## Records supplied:
*-*-*
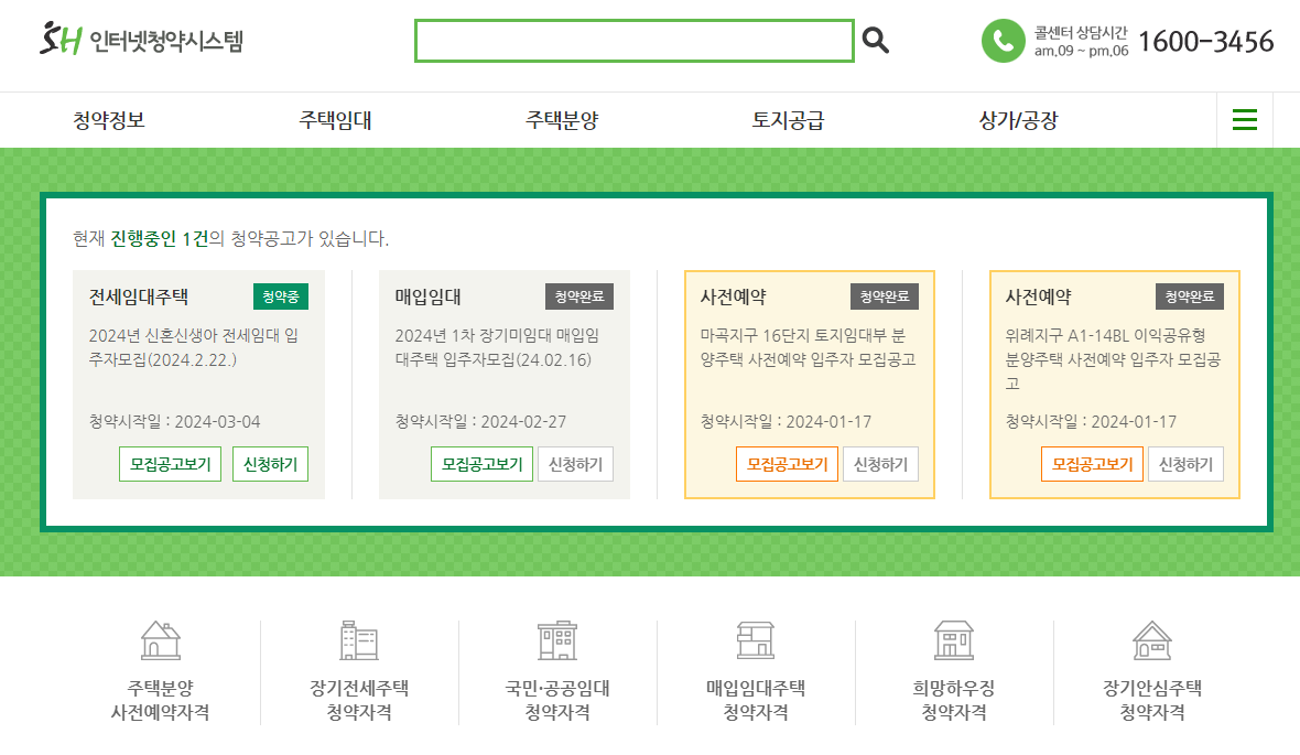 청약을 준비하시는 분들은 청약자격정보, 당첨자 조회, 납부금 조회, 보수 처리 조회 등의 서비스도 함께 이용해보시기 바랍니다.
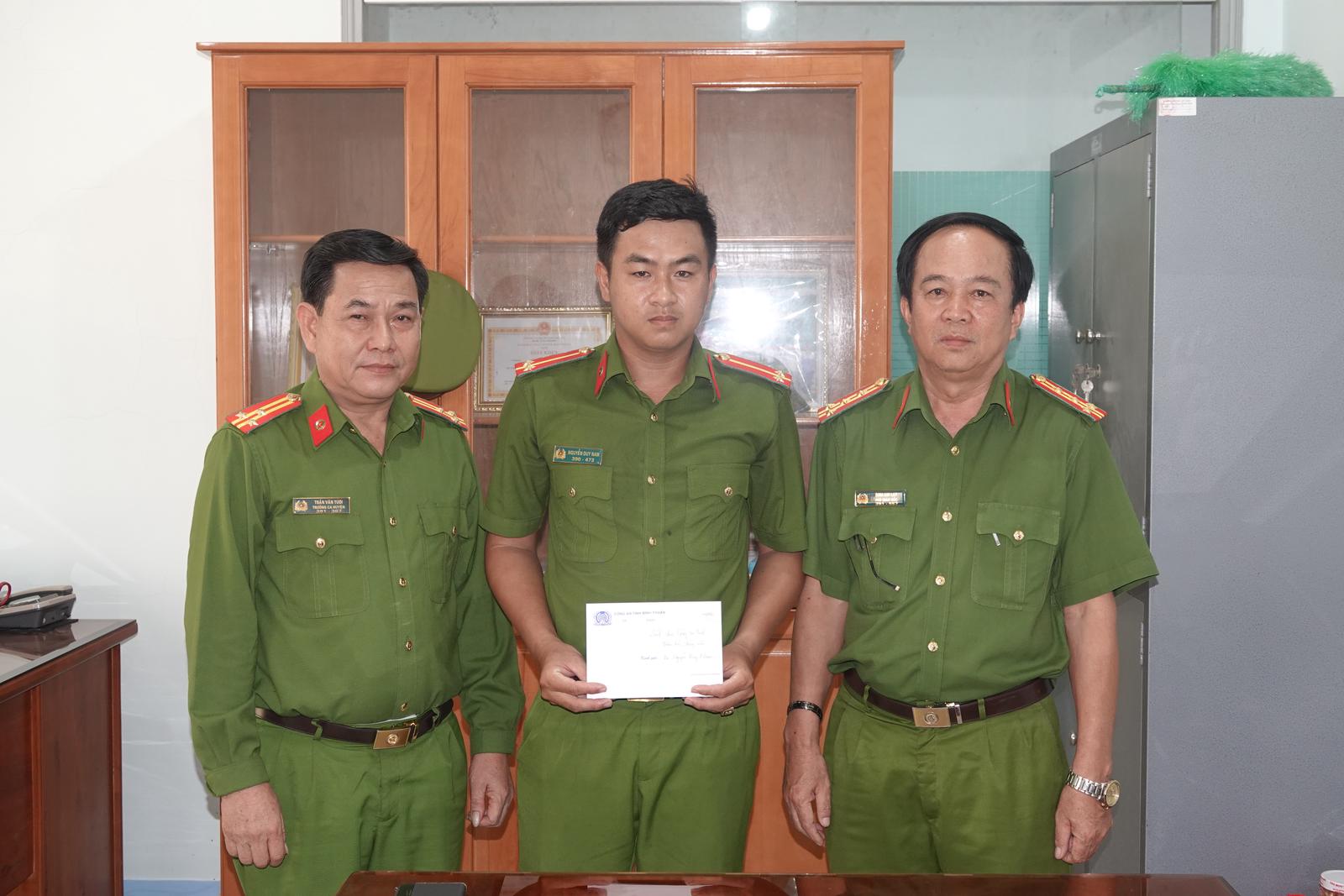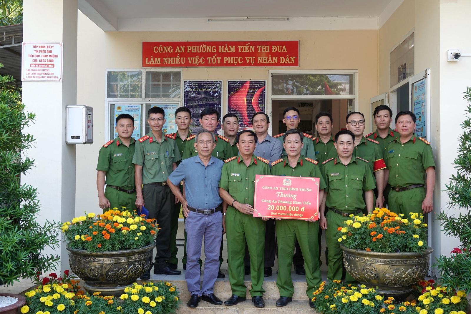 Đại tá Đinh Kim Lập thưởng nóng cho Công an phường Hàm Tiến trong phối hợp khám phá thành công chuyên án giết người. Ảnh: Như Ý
*-*-*
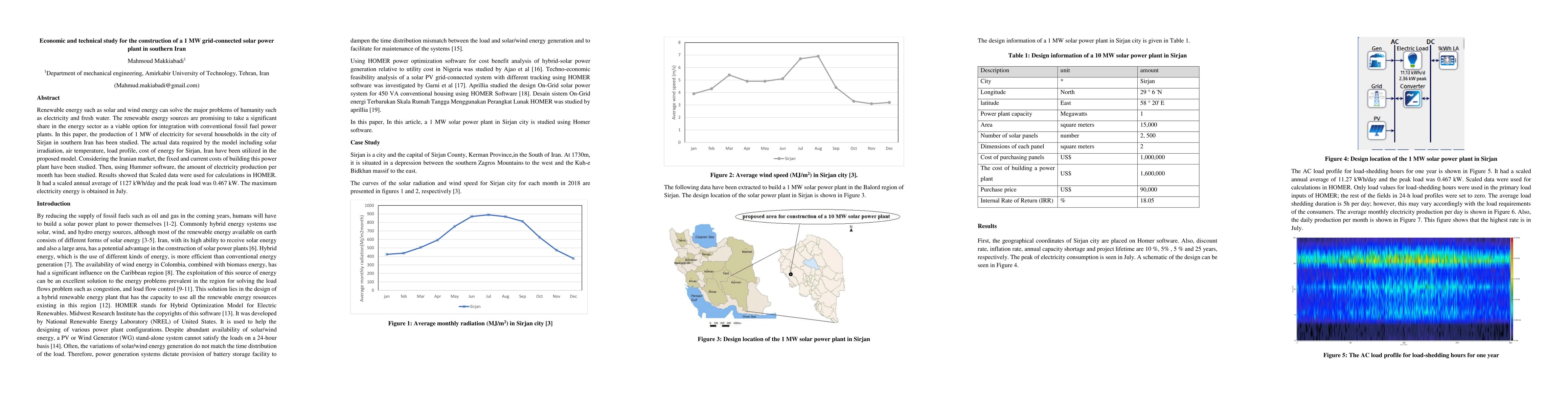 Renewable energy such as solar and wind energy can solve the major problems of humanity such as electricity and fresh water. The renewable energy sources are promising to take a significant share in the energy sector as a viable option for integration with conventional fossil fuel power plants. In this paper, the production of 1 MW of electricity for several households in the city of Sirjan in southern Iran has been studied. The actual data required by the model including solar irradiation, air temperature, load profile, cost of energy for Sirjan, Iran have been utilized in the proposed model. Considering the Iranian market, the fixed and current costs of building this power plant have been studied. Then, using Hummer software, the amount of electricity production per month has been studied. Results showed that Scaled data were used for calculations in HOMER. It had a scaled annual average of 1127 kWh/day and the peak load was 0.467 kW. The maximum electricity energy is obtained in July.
*-*-*
How would the lines above read from the one with "청약을 준비하시는 분들은" to the one with "Đại tá Đinh", inclusive, with no pictures? Write them out exactly.

## Solution for this task:
 청약을 준비하시는 분들은 청약자격정보, 당첨자 조회, 납부금 조회, 보수 처리 조회 등의 서비스도 함께 이용해보시기 바랍니다.
 Đại tá Đinh Kim Lập thưởng nóng cho Công an phường Hàm Tiến trong phối hợp khám phá thành công chuyên án giết người. Ảnh: Như Ý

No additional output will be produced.